Write each expression in the standard form for a complex number, a + bi.

1. [2(cos(π/20))+isin(π/20)]^5

2. [√1(cos(3π/14))+isin(3π/14)]^7

3. [√5(cos(5π/16))+isin(5π/16)]^4

4. [^3√7(cos(π/18))+isin(π/18)]^6

5. (1 + i)^5

6. (-√3+i)5

1 Answer

Relevance
  • (R * (cos(t) + i * sin(t)))^n = R^n * (cos(n * t) + i * sin(n * t)

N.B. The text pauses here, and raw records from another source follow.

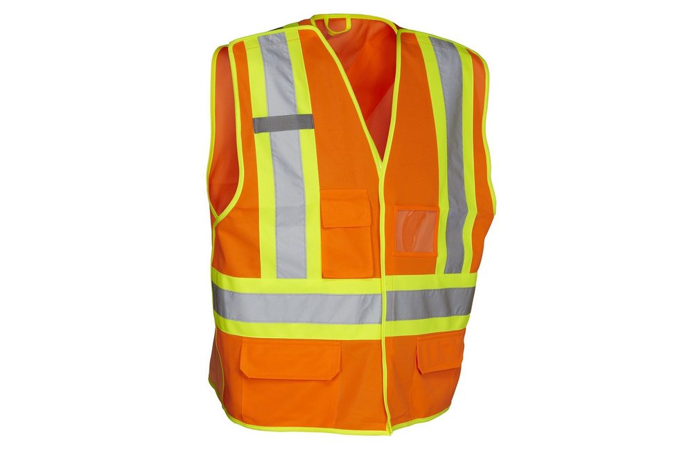 5 point traffic tear away vest. Polyester tricot body. Meets CSA approvals.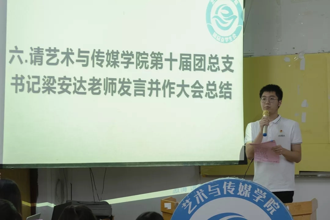 梁安達(dá)書記大會做總結(jié)發(fā)言:首先感謝校領(lǐng)導(dǎo),老師的大力關(guān)懷與教導(dǎo),感謝藝傳學(xué)院團(tuán)總支學(xué)生會第九屆全體學(xué)生干部的辛勤付出,為了今后團(tuán)總支學(xué)生會工作更好發(fā)展,在此對干部和新干事提出幾點(diǎn)要求: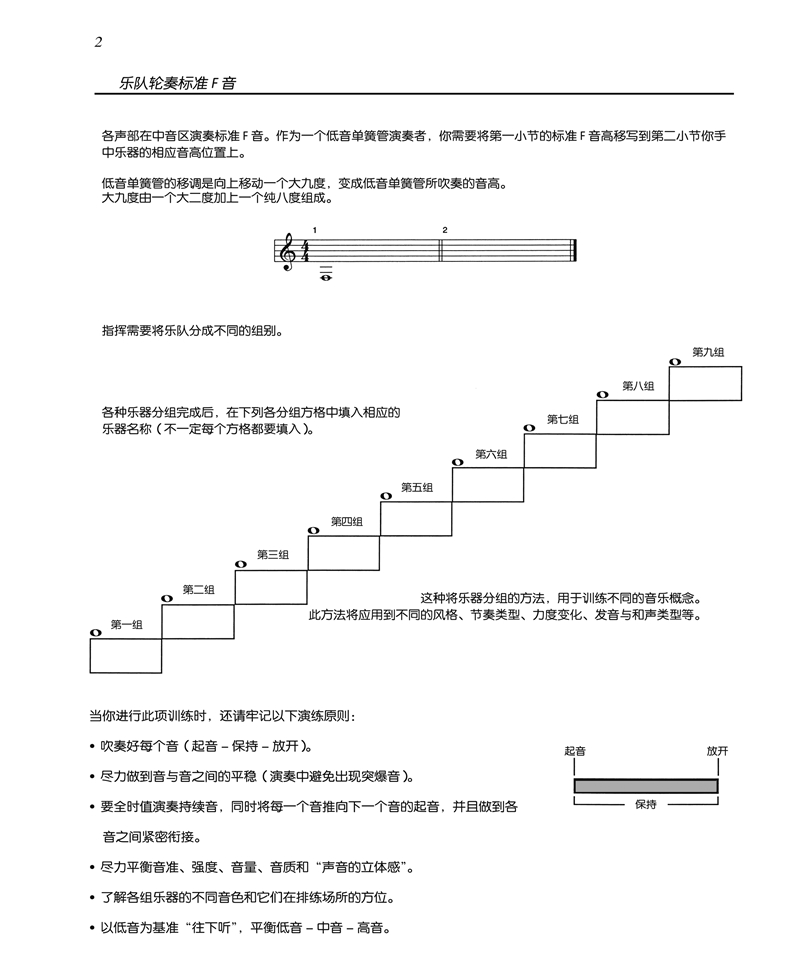 《管乐队标准化热身训练教程》旨在更好地组织日常排练和改进整个乐队的全面演奏水平。无论每天的排练时间仅5分钟,或是每天45分钟,这套教程能为处于任何水平、任何条件和状态的乐队提供机动性良好的排练选择,同时也能为广大乐队指挥们提供能适应每个学生的不同演奏水平的训练素材,并能很好的激励每一个学生为了掌握更高水平的演奏技能而努力训练。《管乐队标准化热身训练教程》共17册,分为长笛、双簧管、大管、单簧管、低音单簧管、高音单簧管、中音萨克斯管、高音萨克斯管、次中音萨克斯管、小号、圆号、长号、次中音号(高音谱号)、次中音号(低音谱号)、大管、打击乐与总谱。
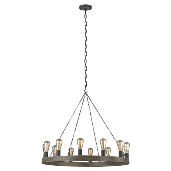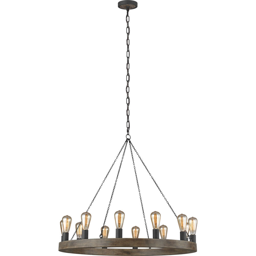 Visual Comfort Studio F3932/12WOW/AF Medium Chandelier in Weathered Oak Wood / Antique Forged Iron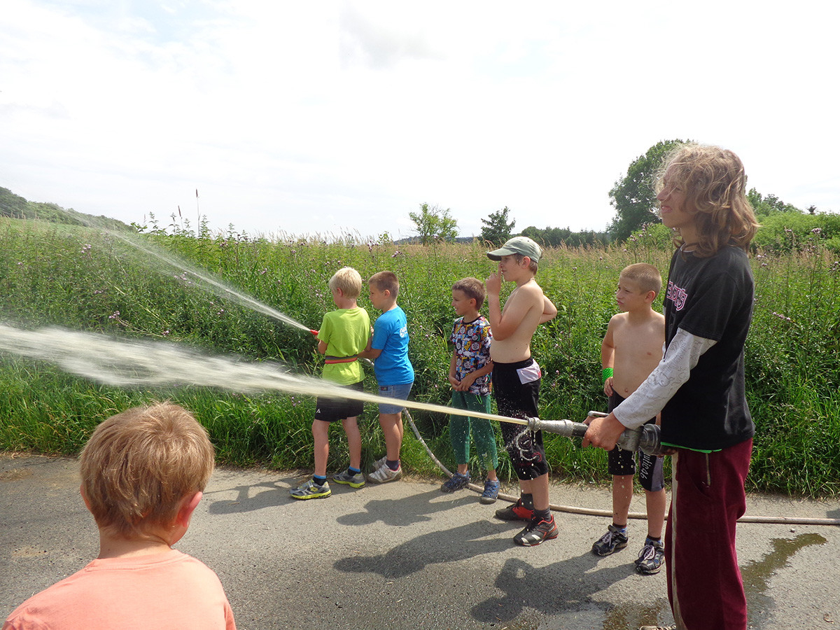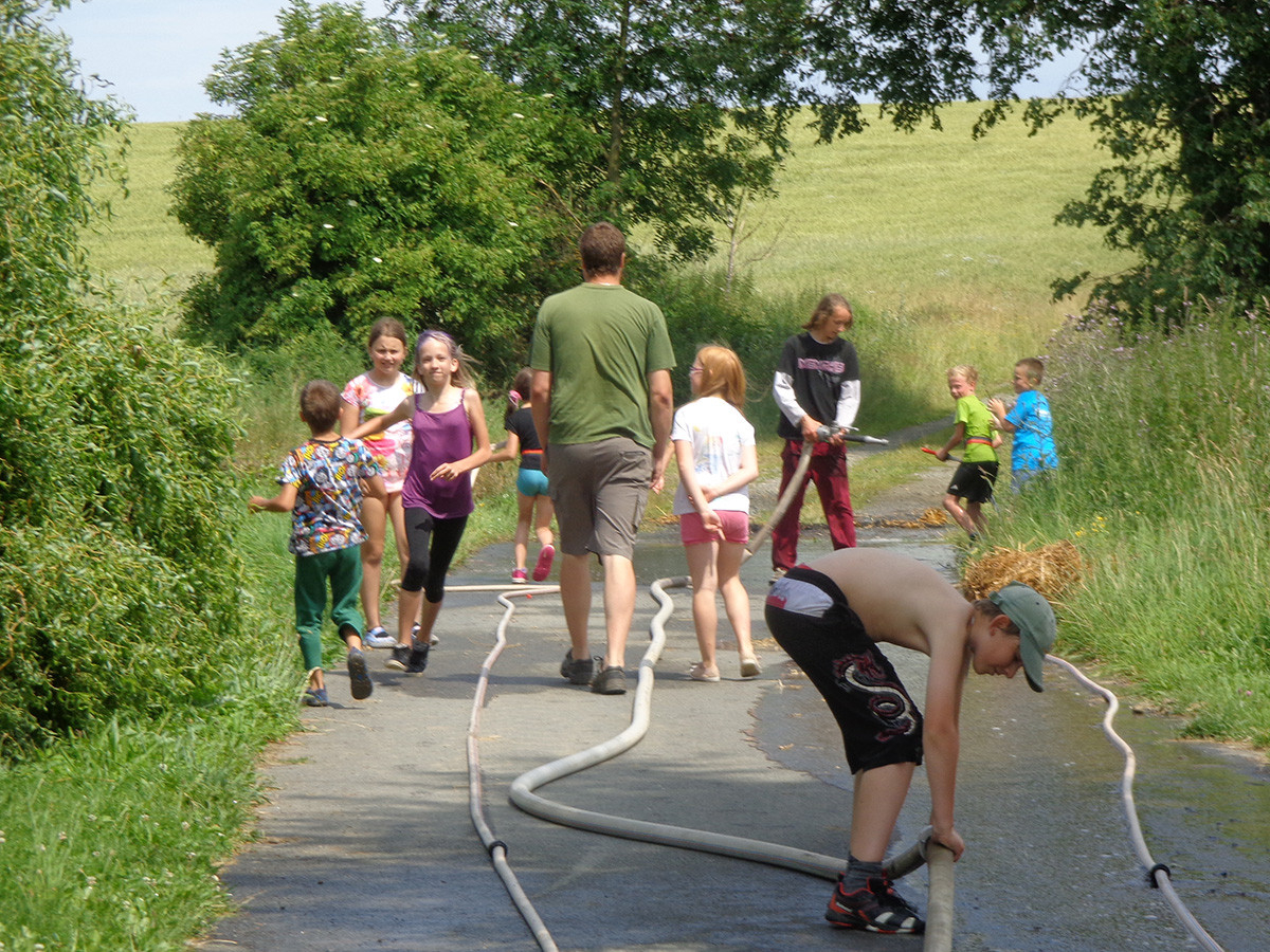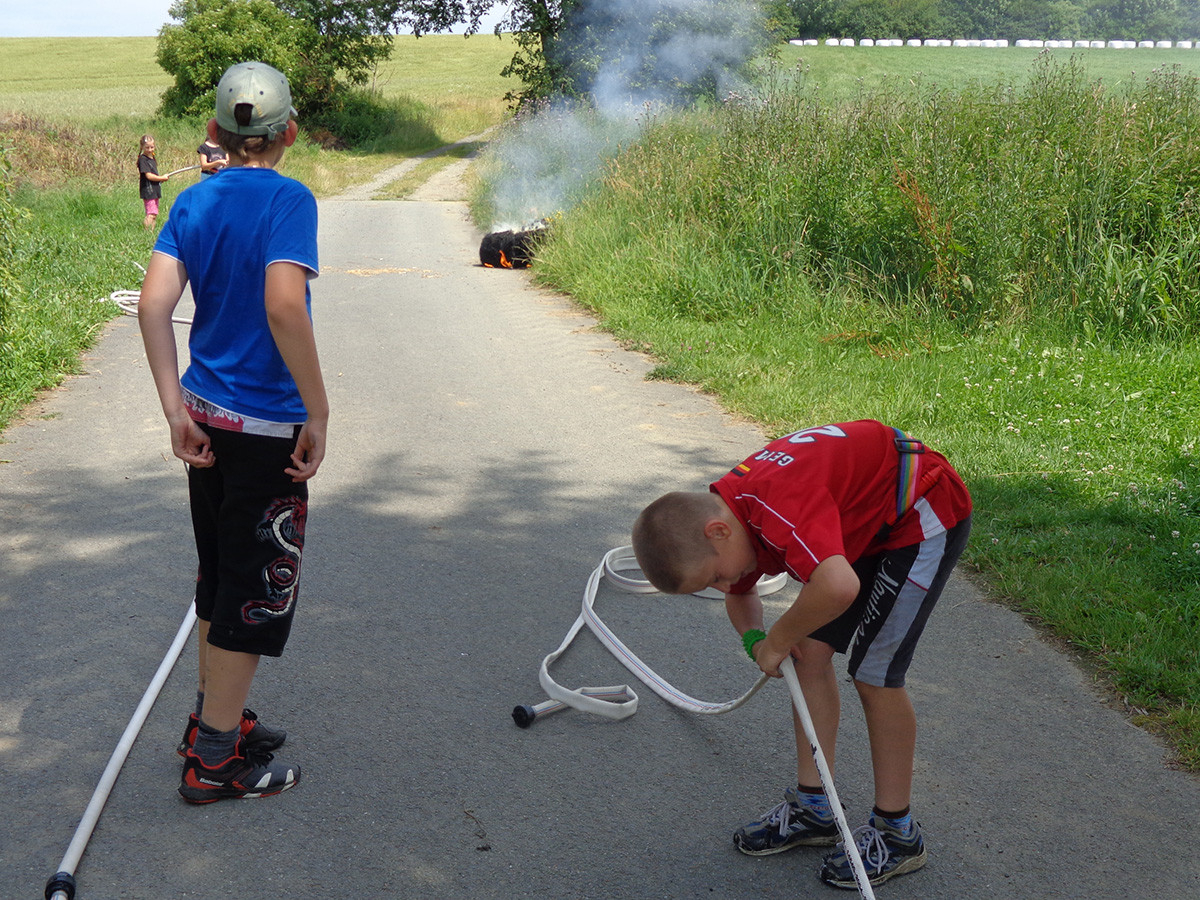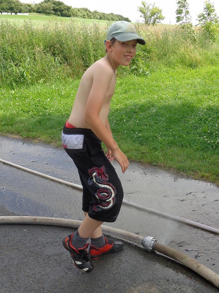 Hadice smotali dospěláci a na startu už bylo připravené druhé družstvo – mladší děti. I pro ně byl připraven balík slámy a pro zlepšení atmosféry se pro ně zapálila i trocha trávy. Ve tvářích všech dětí bylo vidět nadšení i napětí. Nakonec kvůli provětrání nejnovějšího člena mužského družstva byl připojen ještě třetí proud. Balík i trávu uhasily do posledního stébélka a děti neopomenuly napodobit starší tým a také se navzájem postříkaly.

    (2 * (cos(pi/20) + i * sin(pi/20)))^5 =>

    2^5 * (cos(5pi/20) + i * sin(5pi/20)) =>

    32 * (cos(pi/4) + i * sin(pi/4)) =>

    32 * (sqrt(2)/2) * (1 + i) =>

    16 * sqrt(2) * (1 + i) =>

    16 * sqrt(2) + 16 * sqrt(2) * i

    You can handle the next 3

    (-sqrt(3) + i)^5 =>

    (-sqrt(3) + i * 1)^5

    R * cos(t) = -sqrt(3)

    R * sin(t) = 1

    R^2 * cos(t)^2 + R^2 * sin(t)^2 = (-sqrt(3))^2 + 1^2

    R^2 * (cos(t)^2 + sin(t)^2) = 3 + 1

    R^2 * 1 = 4

    R^2 = 4

    R = -2 , 2

    Let's use R = 2

    (-sqrt(3) + i)^5 =>

    (2 * (-sqrt(3)/2 + i * (1/2))^5 =>

    2^5 * (-sqrt(3)/2 + i * (1/2))^5

    -sqrt(3)/2 = cos(t)

    t = arccos(-sqrt(3)/2)

    t = 5pi/6 , 7pi/6

    sin(t) = 1/2

    t = arcsin(1/2)

    t = pi/6 , 5pi/6

    The common angle is 5pi/6

    2^5 * (-sqrt(3)/2 + i * (1/2))^5 =>

    32 * (cos(5pi/6) + i * sin(5pi/6))^5 =>

    32 * (cos(25pi/6) + i * sin(25pi/6)) =>

    32 * (cos(2pi + pi/6) + i * sin(2pi + pi/6)) =>

    32 * (cos(pi/6) + i * sin(pi/6)) =>

    32 * (sqrt(3)/2 + i * 1/2) =>

    16 * sqrt(3) + 16 * i

    Now you can handle #5

    We're not doing your homework for you in one shot. It's 2 points for answering a single question and 10 points for best answer. Ask your questions one at a time from now on. That's just basic decency.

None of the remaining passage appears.